Now the parsing problem gets a little more complicated. However at first one has to think how the parsed data is used later on. In this case a hash or directory with the list names (Class A and Class B) could be the best solution, because then later on the lists could be accessed separately and all information of the input file is conserved in the parsed data structure. Another way to handle this information would be to save the email addresses all in one array with each element of the array being again an array of two elements: email adress and list name. This could be beneficial if all email addresses are accessed regularly and only seldom single lists are needed. Another possibility would be to store the email adresses as objects, which would be especially useful if there are also operations to be applied to the data which could be implemented as member functions. Take home message of this is Perl’s old saying: TIMTOWTDI (There Is More Than One Way To Do It).

Test-Driven Development

Test-driven development is related to a compilation of best practices in programming called extreme programming which affect both the code and project management. The idea is to have a suite of automated tests which make sure that the program is doing what it is expected to do.

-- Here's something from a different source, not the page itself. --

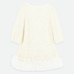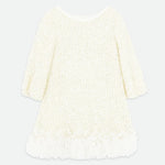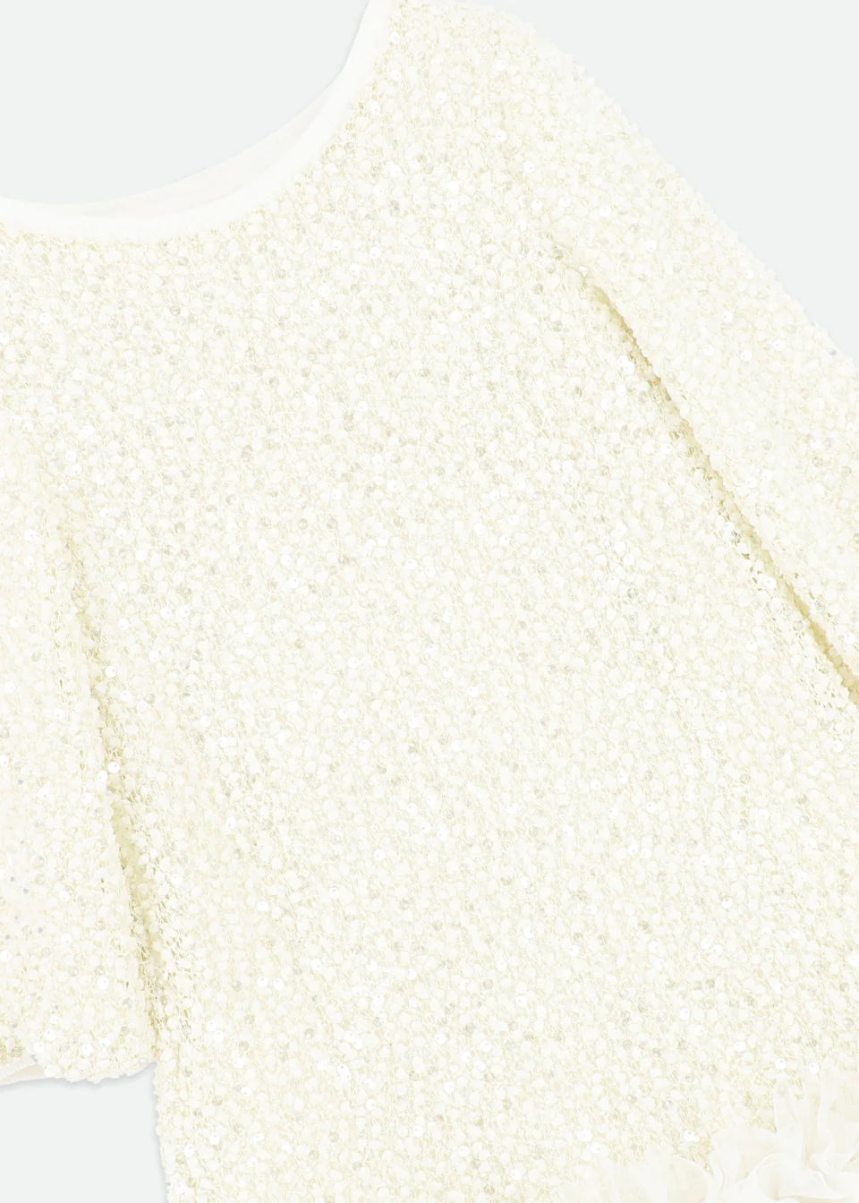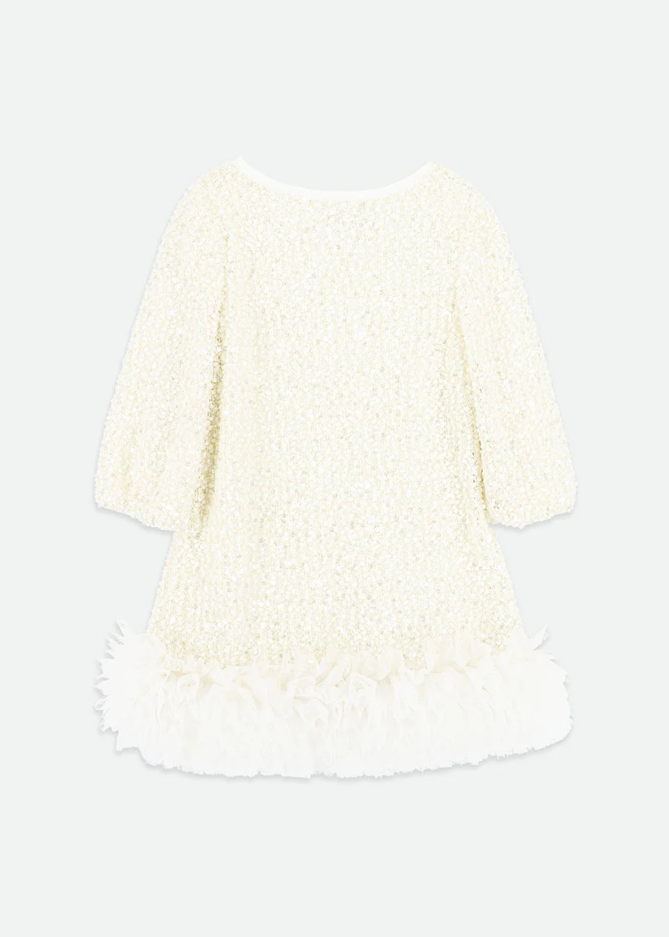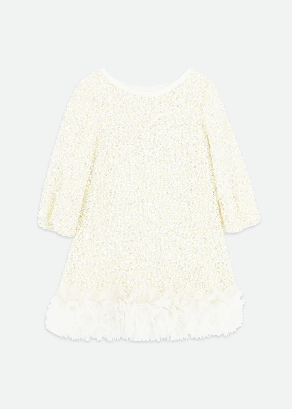 Fai il tuo ingresso con questo scintillante abito di paillettes per bambine. Ricoperto interamente di scintillanti paillettes bianche, questo elegante abito presenta maniche lunghe e un voluminoso orlo in morbido tulle per un tocco di stile e movimento in più. Un piccolo fiocco in gros-grain con il nostro caratteristico ciondolo a forma di cuore dorato decora il lato, aggiungendo un tocco di dolcezza. Completamente foderato in morbido cotone per il massimo comfort sulla pelle, questo capo sfarzoso è perfetto per feste e occasioni speciali.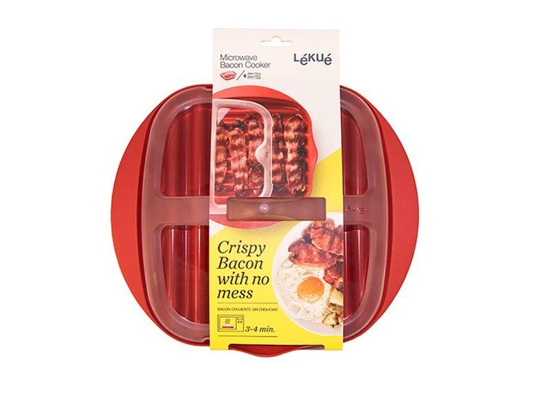 Prepara bacon crujiente sin complicaciones con este accesorio de microondas Lekue rojo.

In the case of parsing a file one first must know what the meaning of the file content is. So there is a defined input and output which is generated by a unit of the program. Having a automated test is useful in two respects:

it makes sure that the unit is doing what it is supposed to do
it is a clear benchmark when the work is finished

The first point seems strange because a programmer obviously makes sure that the code works as expected. Usually one can make it work without unit tests, but it is easier to test everything automatically. This leads to the second point: it is obvious when the work is done: the indicator is simply that all tests which have been written in advance pass. Now stop working.

The definition of a unit depends on the program. It can be as small as a parser method which converts one line in the input file into the corresponding data structure in the output. It can be as complex as reading a whole file in and make sure the content of the whole file is parsed correctly. There is no harm if these two unit tests overlap. If the unit under testing is too large it is hard to locate the bug causing the test to fail. If the unit is too small it gets cumbersome writing so many tests. This takes some experience to judge how large a unit should be. However having some kind of test is much better than not having any test at all.

Iterating and Bug-Fixing

Now a solution has been programmed and it is working, because the unit test pass. When parsing a special file something does not work as expected. Now this file with the expected behavior how it should work is translated into a test. Of course this test will fail because the file was not parsed corrected. Now go back to the previous section and implement this feature until the test passes. The tests makes sure, that not only the new file is processed correctly and simultaneously the old files are still working. Having a unit test suite with a good coverage deals with the problems that changing code has unrecognized side effects which may break other parts of the program.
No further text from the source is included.